Lisa collapsed back into the chair, clutching the note to her chest as sobs tore free. He had known. He had chosen her anyway. He hadn’t died for a name or a lie he had died for love.
Footsteps sounded in the hall.
Lisa moved instantly, hiding the bird and shoving the compartment shut. She tucked the note into her bra just as the lock snapped.
Dante walked in.
His blue eyes swept the room, sharp and hungry. He took in her tear-streaked face and smiled.
“You found it,” he said casually. “I watched you on the security feed.”
Lisa stood, forcing steadiness into her limbs. “I found memories. Nothing more.”
He crossed the room in three steps and grabbed her wrist, grip bruising. “Don’t lie to me. Where’s the ledger?”
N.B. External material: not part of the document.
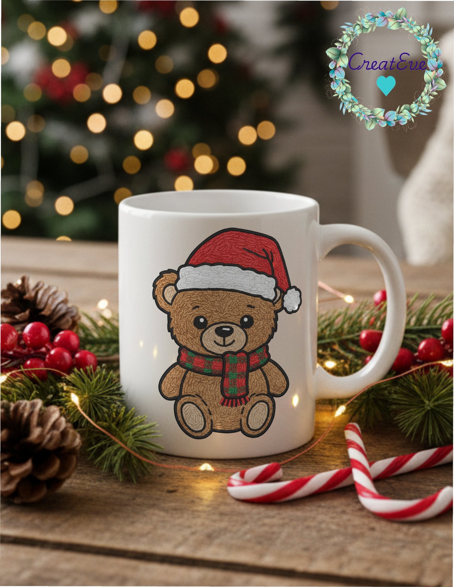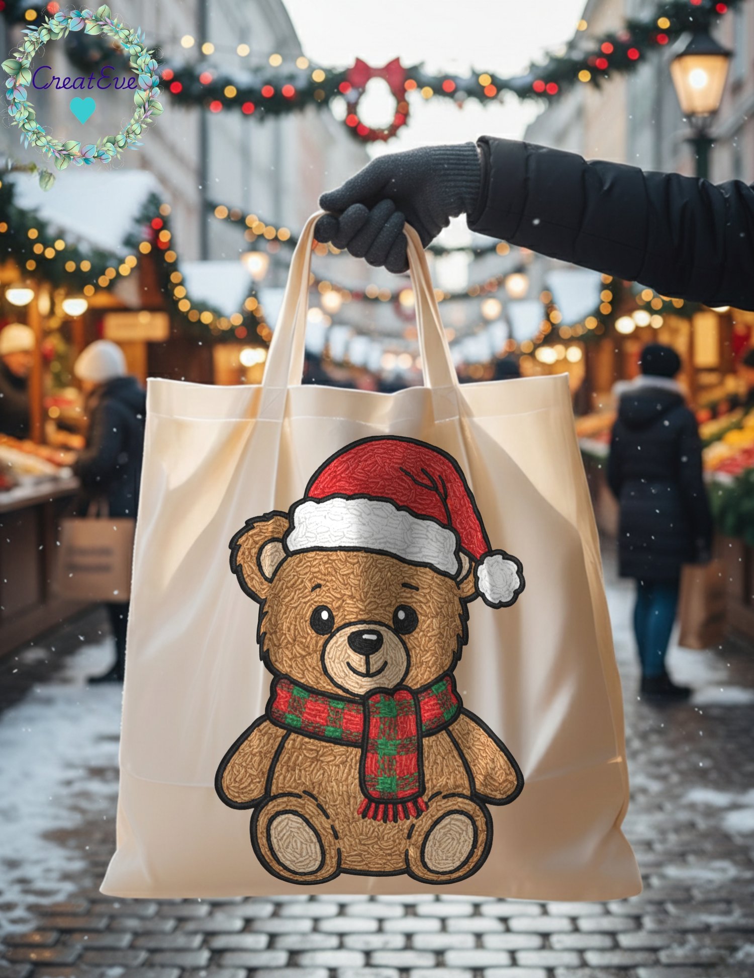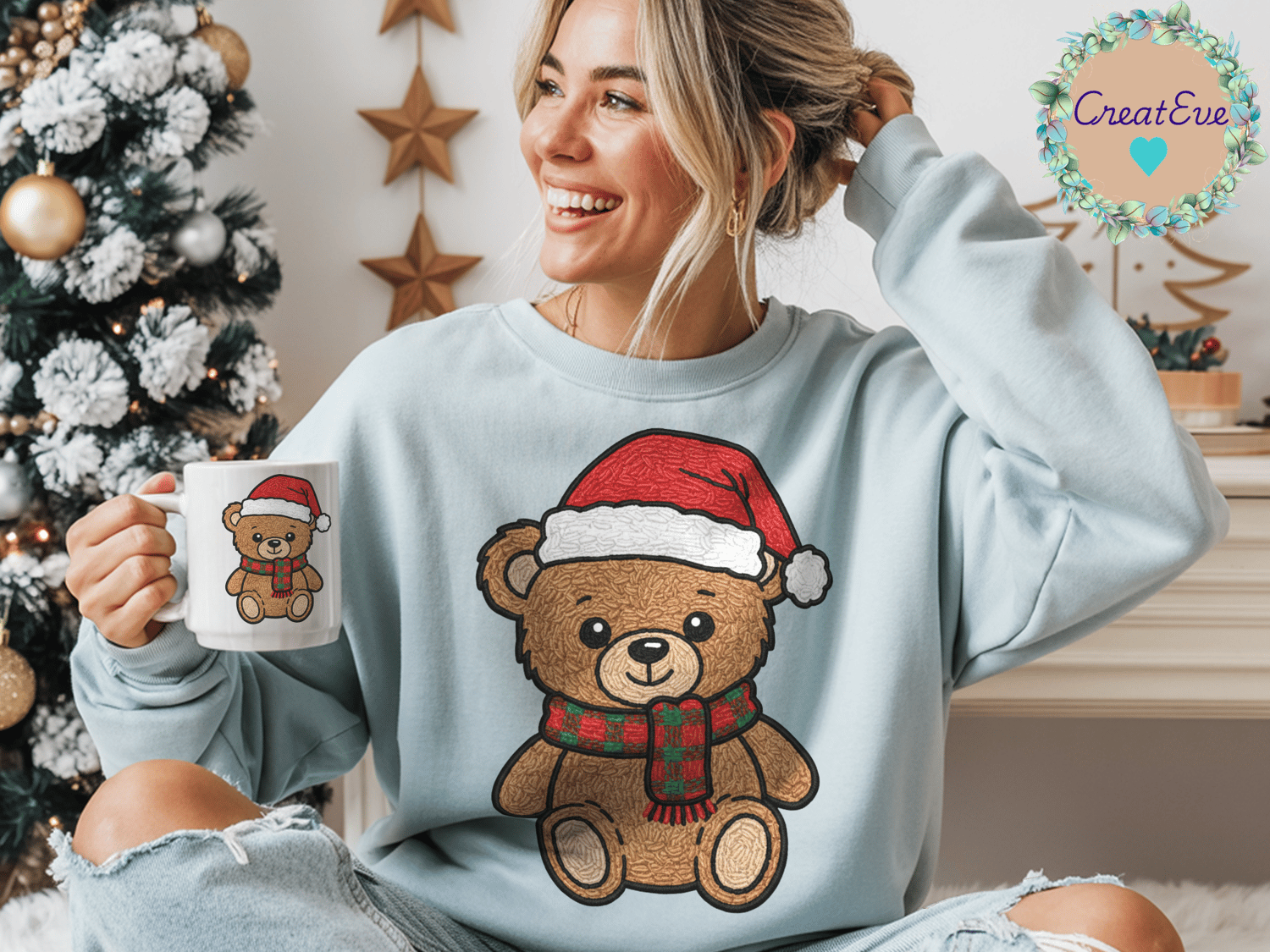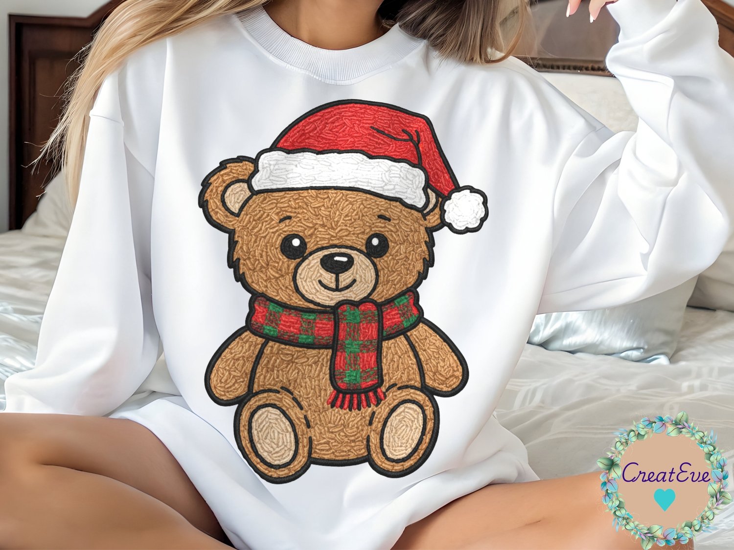 Embroidery Look Christmas Bear T-Shirt PNG 300dpi, 12" x 12", Transparent Background

She met his gaze and saw it clearly now ambition stripped bare, humanity long gone.
“It isn’t here,” she said. “Silvio moved it.”
Dante’s eyes narrowed. “Where?”
“The Cathedral,” she replied, giving him just enough truth to be dangerous. “But it’s timed. Midnight.”
Silence stretched.
Then Dante smiled, victorious. “It’s always about buying time. Fine. Midnight it is.” His voice hardened. “But if that vault is empty, the first thing I do is tell my mother whose blood you’re carrying. She’s already waiting with a doctor.”
He patted her cheek and left.
Lisa stood alone in the study, Silvio’s scent wrapping around her like armor. She pressed a hand to her chest, feeling the paper beneath her skin.
She had the truth.
She had the key.
And for the first time, she had resolve.
“I’ll burn it all down,” she whispered. “Just like you trusted me to.”